I just read an article by Dave Mosher in The Business Insider that began: “Every year, many writers pen some form of this essay in irritated prose. Yet every year — actually, twice a year — we’re forced to continue partaking in the world’s dumbest ritual.”
See? Others agree!
Daylight-Saving Time (its proper name – not “Savings” as I’ve been saying for years) was created in WWI and implemented in 1942, during WWII, purportedly to decrease energy use, which somehow would make more resources available for the war effort. The thought was, if people don’t wake up in the dark, they won’t need to turn on lights.
OK, but if 12 hours later it gets dark at 5 p.m., I’m going to turn on lights at least an hour earlier than usual. So what’s the difference?
Some have thought DST was designed to make the mornings safer for kids who had to catch school buses in the dark. A great idea, yes, but here in Beaufort County, the kids have to get up Oh-dark-thirty anyway because we have different school start times and we can’t afford to buy more buses.
DST causes all sorts of problems. We are either early or late that first day – usually either for church or coffee with a friend- or even for work the next day.
I remember one time when I was kid, the head deacon at our church didn’t show up to take up the collection at the morning service. He arrived as everyone was leaving the building an hour later. He had forgotten to change his clock.
A former columnist for this paper, Margaret Griffin, wrote a couple of years ago about a change-over time when she worked in a county office in New Jersey. She told how two workers came into her office and reset her clock to 10 a.m. “Unfortunately, it was 2:30 p.m.,” she wrote.

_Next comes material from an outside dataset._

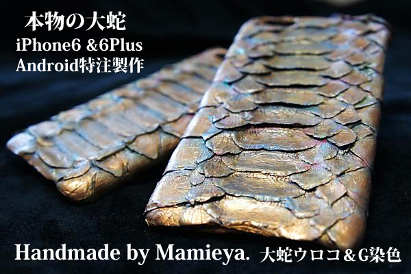 大蛇ウロコ加工と特殊ゴールド染色スマホケース

But the workers insisted. They had been told at 9 a.m. to “go around and set all the County clocks to 10 a.m.” It just took a while to get to all of them.
My internal clock, set to whatever natural rhythms it perceives, tends to wake me up at 7:15 a.m. almost every day. For several days in a row, though, I’ve been awakened at 6:15 a.m. instead.
Yes, this was after the time change.
I know my brain was aware of this tomfoolery, but apparently it did not inform my body to adjust. Like always, that will take weeks.
A meme has been floating around social media that highlights the issue for our four-legged friends. In a caption above a photo of two adorable pups, the larger one says, “OK. Explain it again. It feels like five o’clock dinner time, but it’s really four o’clock?”
To which the other pup affirms, “This is BS” (my abbreviation).
I must say, I have to agree with the dogs.